Without carrying over a single picture, write out the records below exactly.
(Information shown begins)
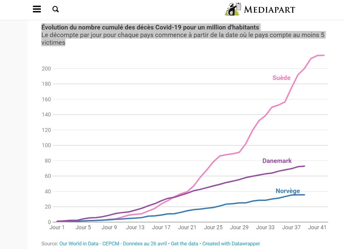 L'efficacité de ce ratio apparaît également incontestable lorsque Mediapart, le 28 avril, décide dans un article plus général de l’utiliser afin de tordre le cou à l’idée, très répandue ces dernières semaines dans les médias, que l’absence de confinement en Suède démontrerait la faible utilité de cette mesure dans les autres pays européens. "Une décision de plus en plus critiquée alors que le bilan humain suédois dépasse désormais celui de ses voisins danois et norvégien, comme l'établit le graphique ci-dessous", pointe Mediapart, courbe à l’appui.
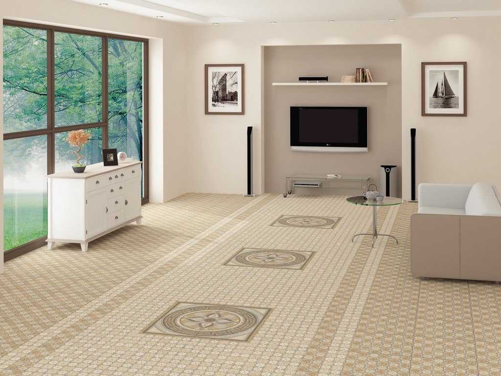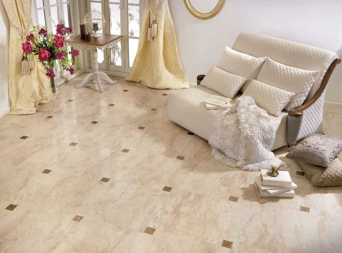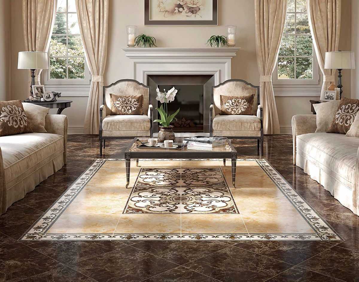 Напольная плитка в гостиной практична и красиво представлена в фото-галерее. Кроме того, она идеально подходят для популярного теплого пола. Рассмотрите самые модные аранжировки этого сезона.
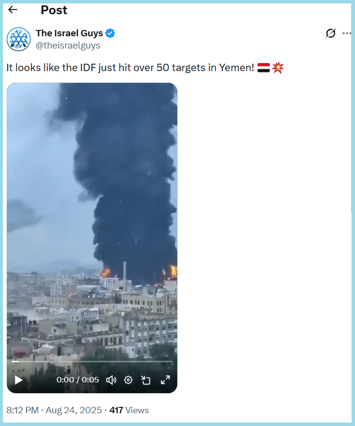 Moving forward, we found a similar clip on an X handle on 24 August 2025. According to the caption, the video shows an Israeli attack on Yemen.
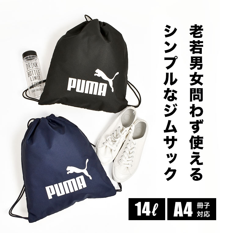 ナップサック スポーツ 女子 PUMA プーマ レディース メンズ キッズ 子供 男子 小学校 中学生 体操着入れ リュック 黒 紺 ピンク
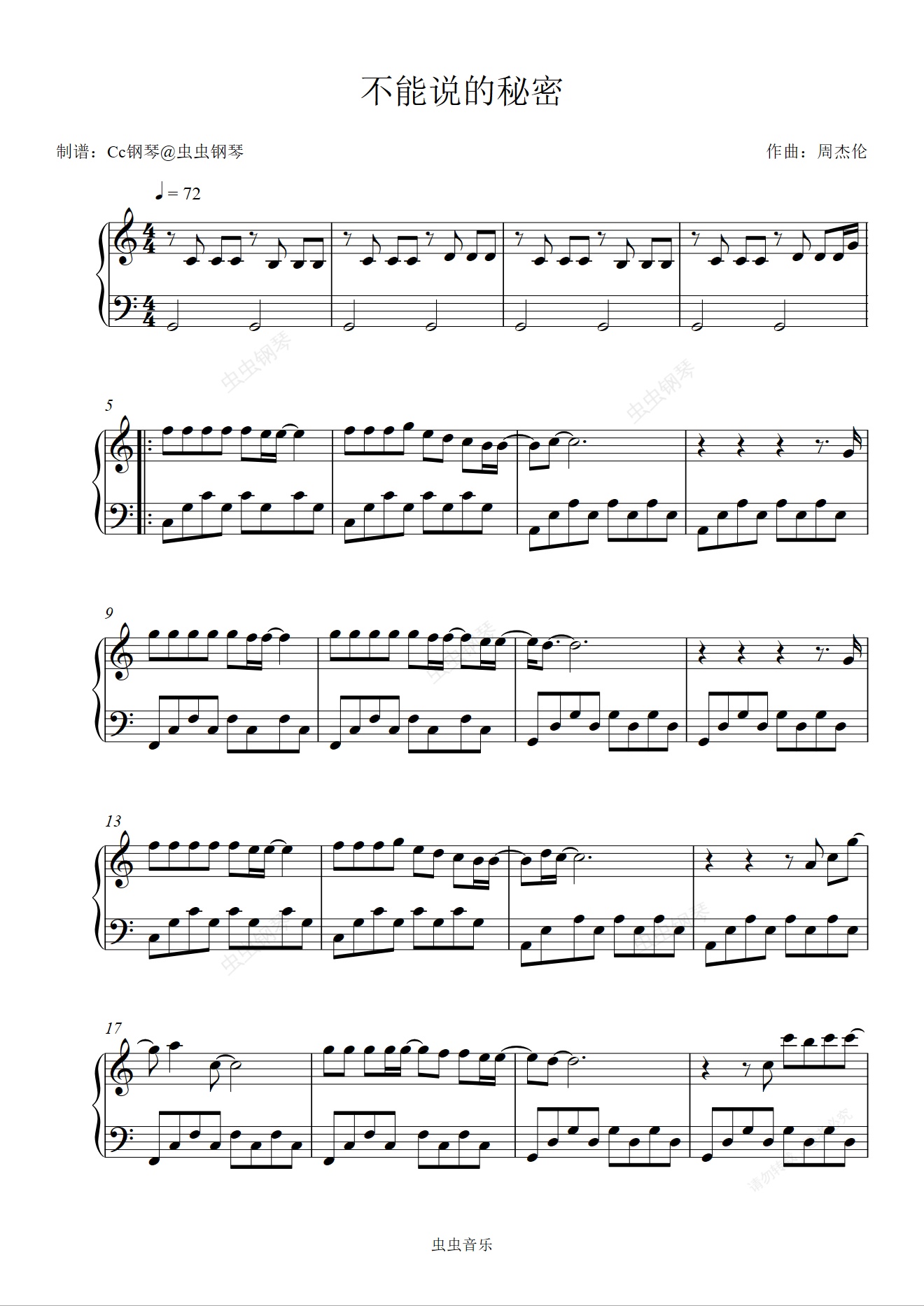 钢琴谱:不能说的秘密 C调 好听易上手
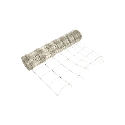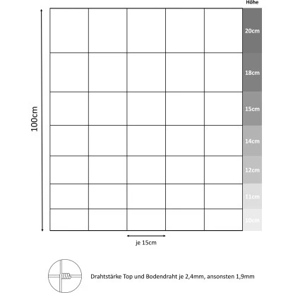 Das Knotengeflecht ist aus verzinktem Stahl und hat eine Höhe von 1 m, eine Länge von 50 m und eine Maschenweite von 8 cm x 5,5 cm. Das Geflecht kann z. B. als Weidezaun eingesetzt werden.
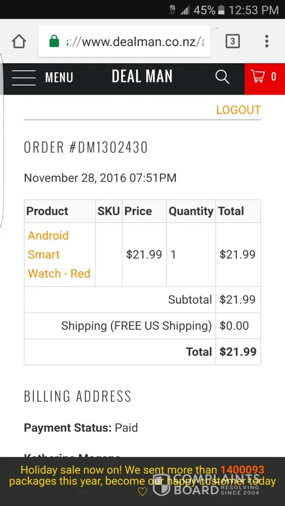 Thank you for ordering from DEAL MAN!
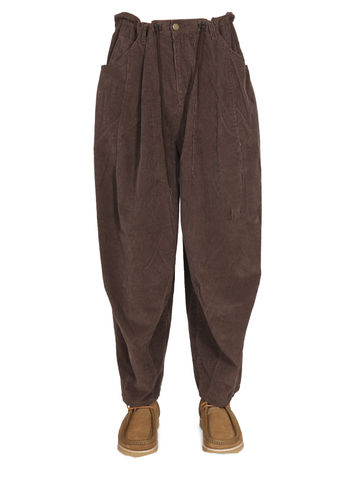 Date un tocco di classe al vostro abbigliamento quotidiano scegliendo i pantaloni H.D. della maison Needles. Caratterizzati da una coulisse in vita con chiusura a bottoni, i pantaloni hanno due tasche laterali e due tasche posteriori. Sono estremamente comodi e possono essere abbinati a magliette e camicie casual.
(Information shown ends)
__Problem solution__.
 L'efficacité de ce ratio apparaît également incontestable lorsque Mediapart, le 28 avril, décide dans un article plus général de l’utiliser afin de tordre le cou à l’idée, très répandue ces dernières semaines dans les médias, que l’absence de confinement en Suède démontrerait la faible utilité de cette mesure dans les autres pays européens. "Une décision de plus en plus critiquée alors que le bilan humain suédois dépasse désormais celui de ses voisins danois et norvégien, comme l'établit le graphique ci-dessous", pointe Mediapart, courbe à l’appui.
 Напольная плитка в гостиной практична и красиво представлена в фото-галерее. Кроме того, она идеально подходят для популярного теплого пола. Рассмотрите самые модные аранжировки этого сезона.
 Moving forward, we found a similar clip on an X handle on 24 August 2025. According to the caption, the video shows an Israeli attack on Yemen.
 ナップサック スポーツ 女子 PUMA プーマ レディース メンズ キッズ 子供 男子 小学校 中学生 体操着入れ リュック 黒 紺 ピンク
 钢琴谱:不能说的秘密 C调 好听易上手
 Das Knotengeflecht ist aus verzinktem Stahl und hat eine Höhe von 1 m, eine Länge von 50 m und eine Maschenweite von 8 cm x 5,5 cm. Das Geflecht kann z. B. als Weidezaun eingesetzt werden.
 Thank you for ordering from DEAL MAN!
 Date un tocco di classe al vostro abbigliamento quotidiano scegliendo i pantaloni H.D. della maison Needles. Caratterizzati da una coulisse in vita con chiusura a bottoni, i pantaloni hanno due tasche laterali e due tasche posteriori. Sono estremamente comodi e possono essere abbinati a magliette e camicie casual.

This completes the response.